Given records:
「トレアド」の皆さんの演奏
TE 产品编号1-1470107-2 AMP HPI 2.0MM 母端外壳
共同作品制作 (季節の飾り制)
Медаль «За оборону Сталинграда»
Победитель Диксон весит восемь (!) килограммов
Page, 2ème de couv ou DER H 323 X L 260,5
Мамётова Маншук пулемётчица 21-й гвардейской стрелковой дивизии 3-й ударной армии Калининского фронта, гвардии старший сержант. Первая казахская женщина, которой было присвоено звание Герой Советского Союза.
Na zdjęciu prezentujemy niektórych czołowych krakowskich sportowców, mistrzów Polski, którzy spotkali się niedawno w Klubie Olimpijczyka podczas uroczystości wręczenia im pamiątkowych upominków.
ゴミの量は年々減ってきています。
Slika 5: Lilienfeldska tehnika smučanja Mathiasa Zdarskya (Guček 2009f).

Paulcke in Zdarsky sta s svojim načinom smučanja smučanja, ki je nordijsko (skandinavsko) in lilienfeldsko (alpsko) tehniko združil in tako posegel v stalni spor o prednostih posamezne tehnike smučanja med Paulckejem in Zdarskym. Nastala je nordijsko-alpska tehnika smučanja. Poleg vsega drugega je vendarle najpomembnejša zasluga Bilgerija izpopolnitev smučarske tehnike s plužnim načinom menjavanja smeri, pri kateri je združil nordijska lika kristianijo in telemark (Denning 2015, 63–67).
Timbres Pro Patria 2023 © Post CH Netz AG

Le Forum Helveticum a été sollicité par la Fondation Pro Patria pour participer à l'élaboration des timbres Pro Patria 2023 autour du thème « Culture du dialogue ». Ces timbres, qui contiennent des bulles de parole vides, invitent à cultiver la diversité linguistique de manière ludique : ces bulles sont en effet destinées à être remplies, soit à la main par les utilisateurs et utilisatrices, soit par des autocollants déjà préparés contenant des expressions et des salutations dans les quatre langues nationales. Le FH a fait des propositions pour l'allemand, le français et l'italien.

Assigned task: Output only the lines that run from the one containing "Мамётова Маншук пулемётчица" through the last line of the material above, both included.

Solution below:
Мамётова Маншук пулемётчица 21-й гвардейской стрелковой дивизии 3-й ударной армии Калининского фронта, гвардии старший сержант. Первая казахская женщина, которой было присвоено звание Герой Советского Союза.
Na zdjęciu prezentujemy niektórych czołowych krakowskich sportowców, mistrzów Polski, którzy spotkali się niedawno w Klubie Olimpijczyka podczas uroczystości wręczenia im pamiątkowych upominków.
ゴミの量は年々減ってきています。
Slika 5: Lilienfeldska tehnika smučanja Mathiasa Zdarskya (Guček 2009f).

Paulcke in Zdarsky sta s svojim načinom smučanja smučanja, ki je nordijsko (skandinavsko) in lilienfeldsko (alpsko) tehniko združil in tako posegel v stalni spor o prednostih posamezne tehnike smučanja med Paulckejem in Zdarskym. Nastala je nordijsko-alpska tehnika smučanja. Poleg vsega drugega je vendarle najpomembnejša zasluga Bilgerija izpopolnitev smučarske tehnike s plužnim načinom menjavanja smeri, pri kateri je združil nordijska lika kristianijo in telemark (Denning 2015, 63–67).
Timbres Pro Patria 2023 © Post CH Netz AG

Le Forum Helveticum a été sollicité par la Fondation Pro Patria pour participer à l'élaboration des timbres Pro Patria 2023 autour du thème « Culture du dialogue ». Ces timbres, qui contiennent des bulles de parole vides, invitent à cultiver la diversité linguistique de manière ludique : ces bulles sont en effet destinées à être remplies, soit à la main par les utilisateurs et utilisatrices, soit par des autocollants déjà préparés contenant des expressions et des salutations dans les quatre langues nationales. Le FH a fait des propositions pour l'allemand, le français et l'italien.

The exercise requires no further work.